DATA SECTION
::::::

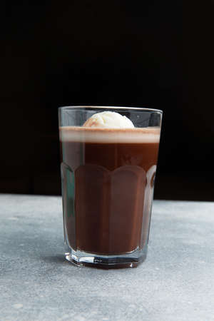 Coffee affogato with vanilla ice cream and espresso. Glass with coffee drink and icecream. Gray background, isolated.
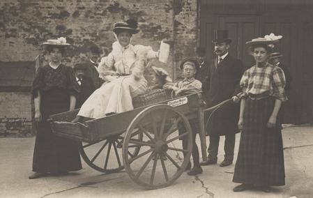 Den første Børnehjælpsdag i Århus. Peter Sabroe kører trækvognen mens en borgerfrue styrer indsamlingsbøssen.Program:
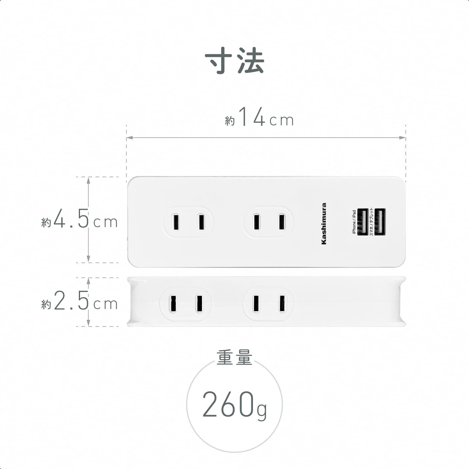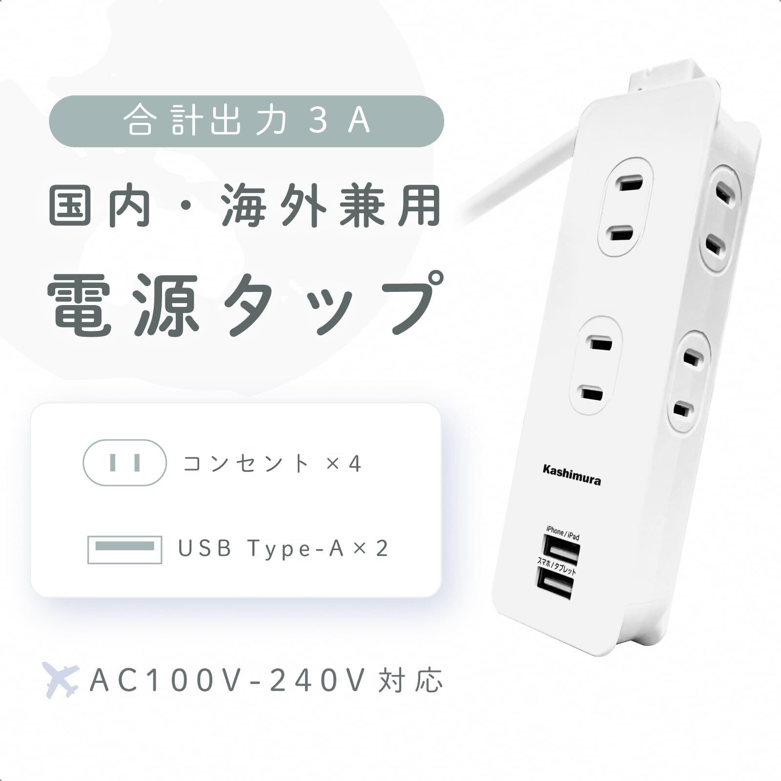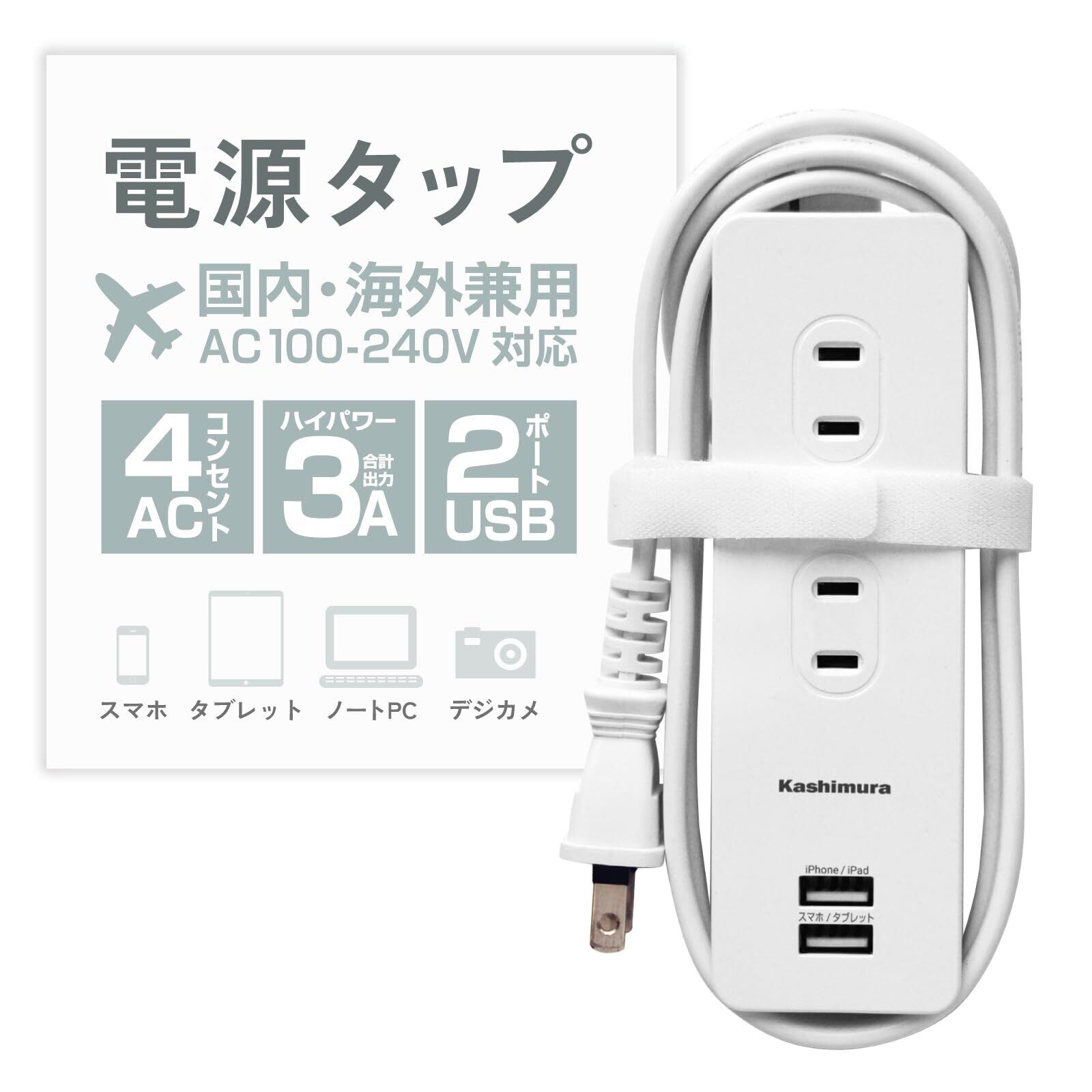 カシムラ 国内・海外両用電源タップ AC4P USB2P 3A WH 1.2m NWM-6 ホワイト

::::::

TASK DESCRIPTION
Would you copy out the data exactly, leaving every picture out?

OUTPUT OF THE TASK
 Coffee affogato with vanilla ice cream and espresso. Glass with coffee drink and icecream. Gray background, isolated.
 Den første Børnehjælpsdag i Århus. Peter Sabroe kører trækvognen mens en borgerfrue styrer indsamlingsbøssen.Program:
 カシムラ 国内・海外両用電源タップ AC4P USB2P 3A WH 1.2m NWM-6 ホワイト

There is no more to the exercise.